The '60s represent many things to many people, but did that same era of sex, drugs and rock 'n' roll also inspire the revolution in personal computing?

That remains an unconventional reading of contemporary history. You could just as easily argue that heavy investment in military research was the moving force. Same goes for pro-market tax policies. But a generation of pot smokers and draft dodgers?

Needless to say, it has the makings of a feisty barroom debate. Still, don't dismiss the argument out of hand. In fact, Whole Earth Catalog founder Stewart Brand made a convincing try a decade ago.

In an essay he wrote for Time magazine in 1995, Brand maintained that the communal and libertarian outlook espoused during the hippie era spawned the seeds that later bore fruit in the form of the modern cyberrevolution. "At the time, it all seemed dangerously anarchic (and still does to many), but the counterculture's scorn for centralized authority provided the philosophical foundations of not only the leaderless Internet but also the entire personal-computer revolution."

He wasn't talking about Vint Cerf doing bong loads. You can easily get lost in the caricatures of the counterculture's sometimes perverse opposition to authority and entirely miss the point. In fact, that very willingness to challenge convention led to leaps of imagination that got repackaged into a furious assault on mainframe centralization.

Power to the people = popular access to computers? Actually, it's not such a stretch. But how did the pieces fall into place? Explaining that is the hard task, and it's one ably taken up by John Markoff in "What the Dormouse Said: How the '60s Counterculture Shaped the Personal Computer Industry." Markoff, a Silicon Valley correspondent for The New York Times, has produced a fascinating read, uncovering the many threads that connected the counterculture with the pioneering computer research later carried out just south of San Francisco.

Why history works out the way it does always makes for a good story, especially when the outcome is unexpected. By rights, the East Coast should have bested the West Coast in the computer competition. The East Coast computing axis, which ran from just north of New York City, where IBM housed its headquarters, up to Cambridge and the Massachusetts Institute of Technology, was rich in talent, money and pedigree.
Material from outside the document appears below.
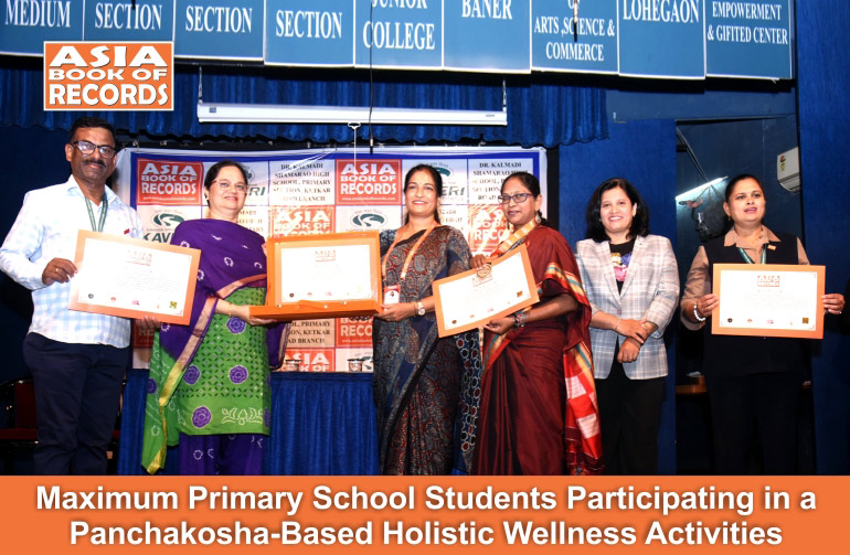 Dr Kalmadi Shamarao High School Primary Section, Pune, Maharashtra, India, set a record for the maximum participation of primary students in Panchkosha-based holistic wellness activities. On February 6, 2026, the school hosted “Catch Me Young” – A Panchakosha Mega Activity, engaging 900 students from Standard I to IV, aged 6 to 10. The programme featured Omkar chanting, Yogasanas, Surya Namaskar, and Shankh Vadan, promoting discipline, unity, and holistic development, as confirmed on February 24, 2026.

But as Markoff recounts, most of the groundbreaking research was getting done in California.

"The East Coast computing culture didn't get it. The old computing world was hierarchical and conservative."

He's got that right. In a certain sense, the East Coast establishment was a victim of its own success. Unfortunately, it was also blind to the future because it had such an entrenched interest in the preservation of the status quo. Ken Olson, the founder of Digital Equipment Corp. and a leading figure of the East Coast computer establishment, once famously quipped in public that there was no need for a home PC. But the outside world was changing, and DEC would later pay the price for its management's myopia.

Meanwhile, Northern California had attracted the talents of brilliant thinkers such as Doug Engelbart, Fred Moore, Alan Kay and Ted Nelson--not to mention the sundry hobbyists who belonged to the now legendary Homebrew Computer Club.

The contrast between the West Coast and the Old Guard back East was stark--in some cases a parody of the difference between the two coasts. IBM was famous for sending its employees out into the business world with pressed suits and white shirts as mandatory battle fatigues. What would they have thought had they known their future nemeses were dropping serious amounts of acid?

LSD was hardly verboten. Just the opposite. Long before Ken Kesey's electric Kool-Aid acid tests, Engelbart belonged to a small band of computer researchers who tried LSD to test whether they could enhance their creative powers with psychedelic drugs. It's unclear whether this paved the way for later technology breakthroughs. (Engelbart was sufficiently inspired by one of his LSD trips to think up a training toy to teach little boys to urinate properly.)

Like the founding generation that led the United States to independence, this was a special cadre of thinkers and doers. Was their zeal fired by the '60s counterculture? Or was it due to sheer dumb luck that a collection of special talents came together at exactly the same time in exactly the same place? It's an argument that will go on for quite a long time.

Biography
Charles Cooper is CNET News.com's executive editor of commentary.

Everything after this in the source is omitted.